ALTER TABLE ${myuniversity}_mod_inventory_storage.instance DISABLE TRIGGER USER;
  1. Call the procedure. The batch size can be adjusted if needed. This process may take several hours, depending on the number of records that need to be updated.

CALL ${myuniversity}_mod_inventory_storage.populate_deleted_field(50000);
  1. Verify that all records were updated. After the procedure finishes, check the number of records that still do not have the deleted field populated. The result should be 0.

SELECT COUNT(*) FROM ${myuniversity}_mod_inventory_storage.instance WHERE jsonb ->> 'deleted' IS NULL;
  1. Re-enable user-defined triggers

ALTER TABLE ${myuniversity}_mod_inventory_storage.instance ENABLE TRIGGER USER;
  1. Run VACUUM. After completion of all steps above, run the following query (or schedule autovacuum capacity) because this update will generate significant dead tuples/WAL.

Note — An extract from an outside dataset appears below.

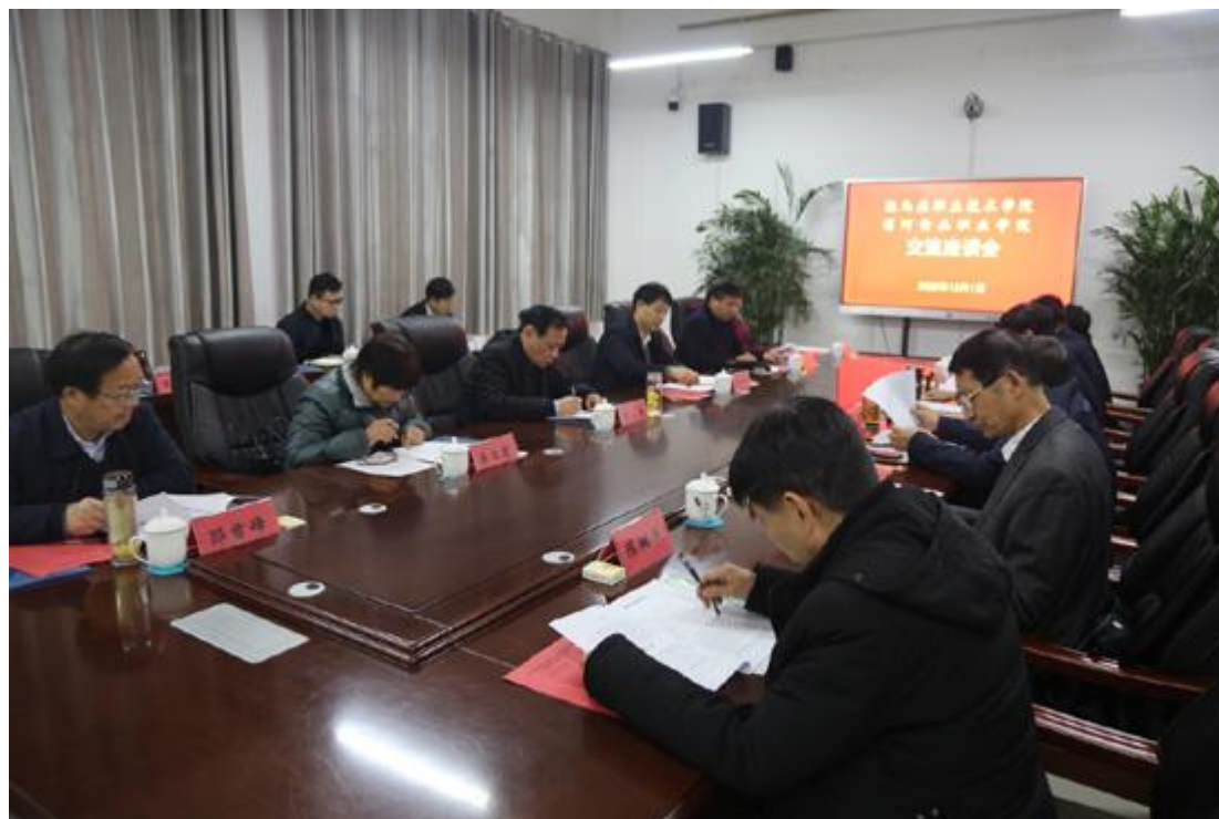
驻马店职业技术学院来访

VACUUM (ANALYZE) ${myuniversity}_mod_inventory_storage.instance;

Notes

  • The script should be executed manually by the environment administrator or DBA.

  • Execution time may vary depending on the size of the tenant’s Instance data set.

  • It is recommended to execute the script during a maintenance window for tenants with a large number of Instance records.